Define a linear model where the sales come from the product of the input variables and predefined weights

In [4]:
# Fake sales
experiment_label = 'linear_model'
num_samples = 500
num_features = 5
input_vars = [f'x_{idx}' for idx in range(1,num_features+1)]
input_data = np.random.rand(num_samples, num_features)

weights = np.array([42,34,16,0,8])
y_train = np.dot(input_data, weights.T)

df = pd.DataFrame(input_data, columns=input_vars)

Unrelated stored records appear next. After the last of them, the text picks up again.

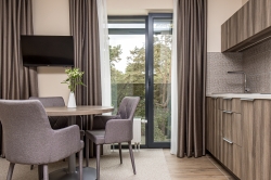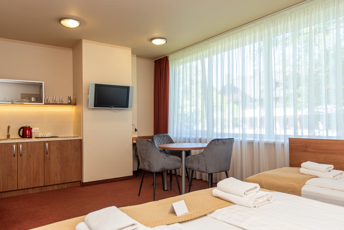 Trivietis kambarys Palangoje, viešbutyje „Žuvėdra“, yra puikus pasirinkimas norintiems atostogauti kartu su šeima. Kambaryje yra viena dvigulė ir viena papildoma lova, tad puikiai tiks šeimai ar draugams. Taip pat čia yra rašomasis stalas, oro kondicionierius, televizorius, veikia nemokamas internetas. Be to, triviečiame kambaryje rasite ir mini virtuvėlę.
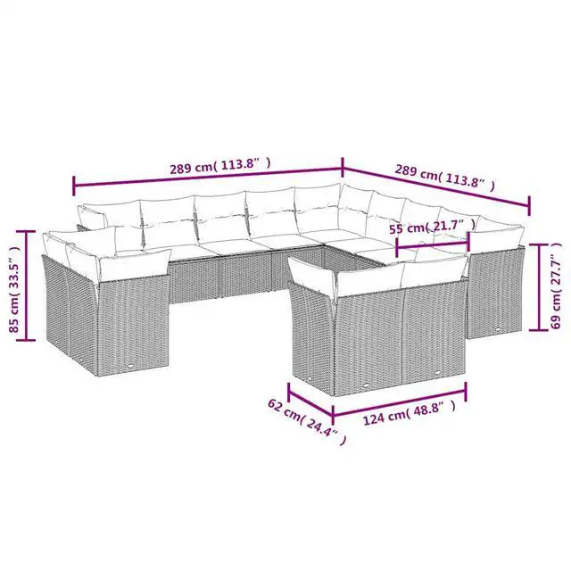 Delivery Contains: 6 Centre seats, 7 Corner seats, 13 Seat cushions, 20 Back cushions
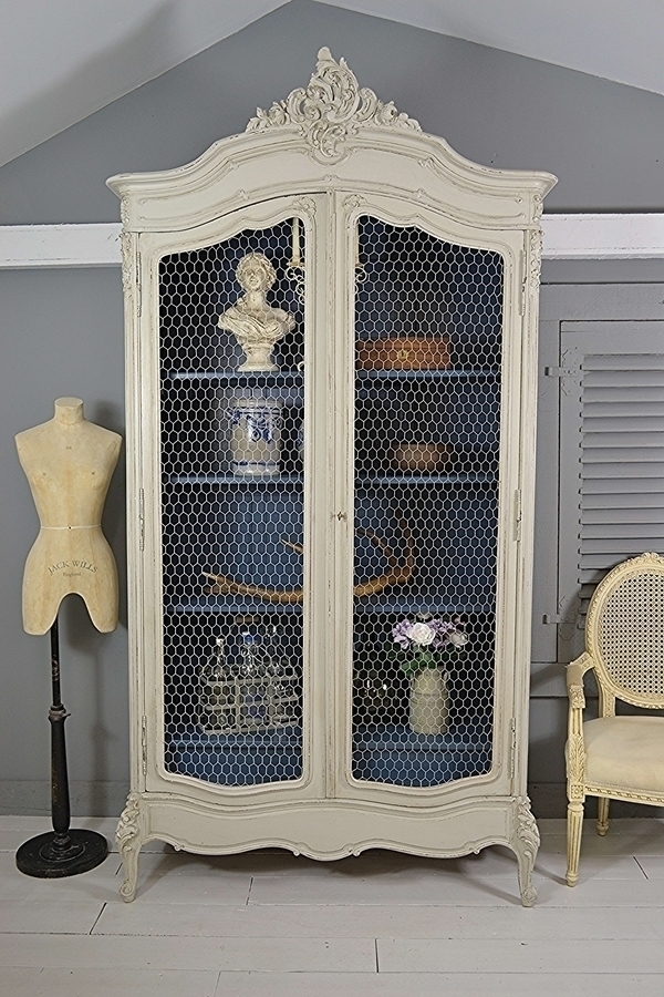 Painted French Armoire With Shelves Chicken Wire Panels Gilli

# Ad-hoc test set to see the influence of the variables
df_test = pd.DataFrame([{'x_1': 0.1, 'x_2': 0.5, 'x_3': 0.5, 'x_4': 0.5, 'x_5': 0.5},
{'x_1': 0.9, 'x_2': 0.5, 'x_3': 0.5, 'x_4': 0.5, 'x_5':0.5 },
{'x_1': 0.5, 'x_2': 0.9, 'x_3': 0.5, 'x_4': 0.5, 'x_5':0.5 },
{'x_1': 0.5, 'x_2': 0.1, 'x_3': 0.5, 'x_4': 0.5, 'x_5':0.5 }])
# Response variable
y_actual = np.dot(df_test.values, weights.T)

In [26]:
# Get the actual weights in a DF
df_actual_weights = pd.DataFrame(weights, index=df_test.columns, columns=['Weights'])

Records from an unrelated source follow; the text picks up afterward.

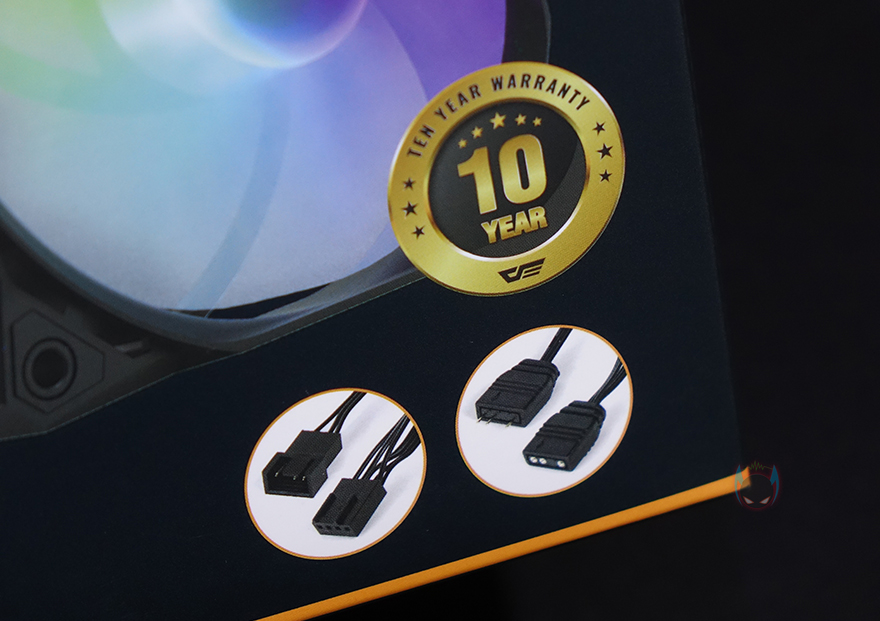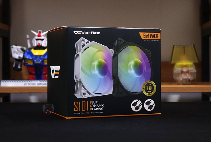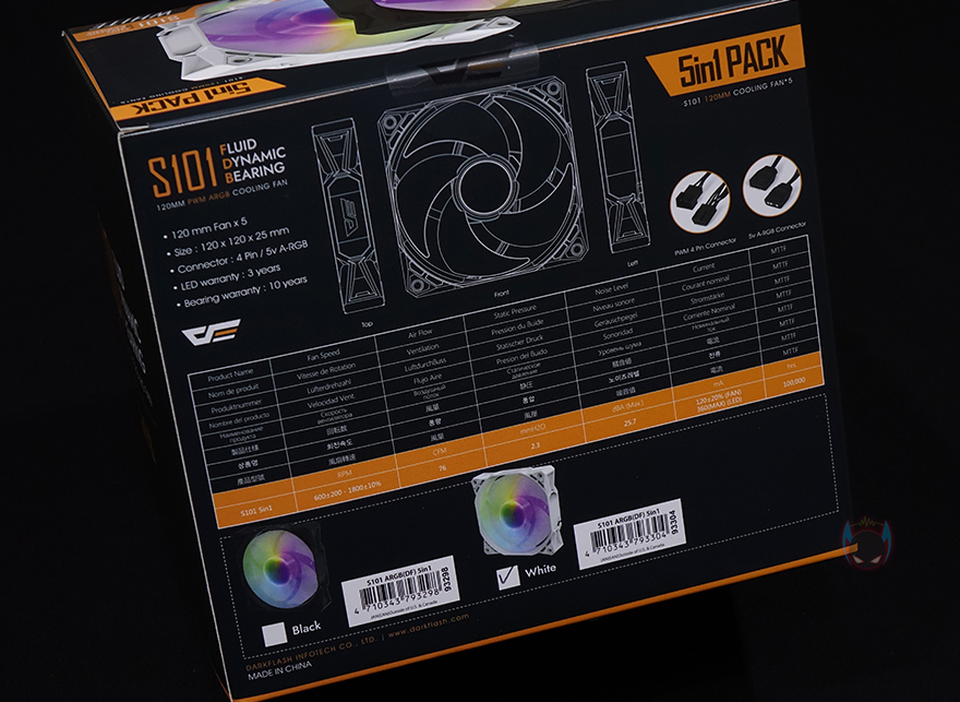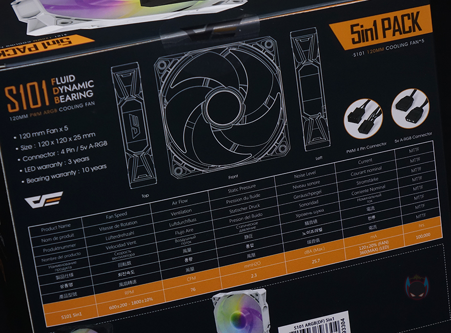 제품팩키지부터 살펴보면, 이번 다크플래쉬 S101 FDB ARGB 팬은 다른 경쟁사 제품들처럼 1개로 판매되는 싱글 제품과 5개 묶음으로 판매되는 팩키지 제품 2가지로 출시되었습니다. 리뷰에선 5개가 들어있는 5in1 Pack 제품을 살펴보는데, 박스 상단과 전면에는 제품 이미지를 담고 있으며, 모델명과 함께 10년 무상 보증기간을 확인할 수 있습니다. 10년 무상보증기간이면 현재 ARGB 팬에서는 가장 긴 보증기간이기도 하죠. 그리고, 모델명의 FDB는 바로 유체 동압 베어링 표기의 약자를 의미합니다. 일반적으로 유체 베어링 방식은 볼 베어링 방식보다 마찰과 소음이 적은 것이 특징입니다.
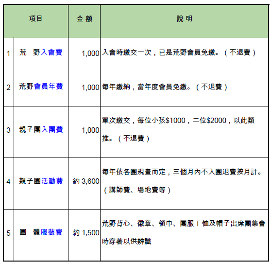 - 加入家庭需具備荒野有效會員資格,非會員家庭經遴選入團後須一併辦理入會。
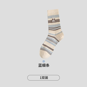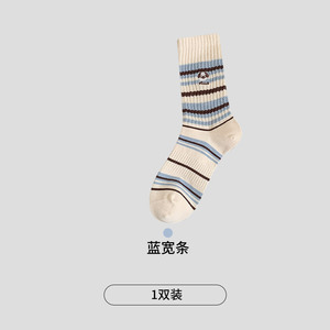 CHEEMY FREE秋冬新款博学狗条纹中筒女袜可爱卡通秋冬保暖百搭袜
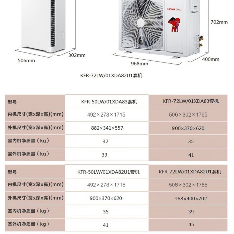 海尔 3匹 柜式变频客厅冷暖空调KFR-72LW/01XDA82U1 本白色

Weights of the input variables


Unnamed: 0,Weights
x_1,42
x_2,34
x_3,16
x_4,0
x_5,8


Set the parameters and the base regressor for the comntrastive algo (fix params don't use HyperOpt in this experiment)

In [7]:
numericalVars = input_vars
categoricalVars = []

num_inputVars = len(input_vars)

# Hyper-parameters
num_neighbours = 5
validation_test_size = 0.20
feat_importance_keyword = 'feature_importances_'

# Regressor
num_iterations = 300
learning_rate  = 0.08 
depth = 12
# CatBoost
cb_model = CatBoostRegressor(iterations=num_iterations, learning_rate=learning_rate,
depth=depth, loss_function='RMSE', cat_features=None, silent=True)

In [8]:
'''
  Model. Using CatBoost here
'''
# Create the forecaster
contrastiveReg = contrastiveRegressor(num_neighbours = num_neighbours, 
  validation_test_size = validation_test_size)


# Set the regressor
contrastiveReg.set_regressor(cb_model, feat_importance_keyword, input_vars)
# fit the regressor
contrastiveReg.fit(df.values, y_train)
# eval results
contrastiveReg.predict_eval_test()
eval_results = contrastiveReg.get_results()

Preparing Training set...
Training set (2000, 10). Evaluation (500, 10)...done.
...Symmetrical Weights
MAE: 1.26
MSE: 2.46
RMSE: 1.57
meanError: 0.46
MAPE: 2.91
R2: 0.99
frc_error: 0.02
frc_bias: 0.01
frc_acc: 0.99
Var explained: 0.99


In [18]:
# Predict
contrastiveReg.predict(df_test.values)
cold_start_results = contrastiveReg.get_results()

...Symmetrical Weights


First question to address:
*Is the variable importance representative of the mechanisms driving the sales?*

In [28]:
# Sort by importance
df_feature_importances = cold_start_results.get('df_feat_importances', None)
df_feature_importances.columns = ['variable_importance']
pd.concat([df_actual_weights, df_feature_importances], axis=1)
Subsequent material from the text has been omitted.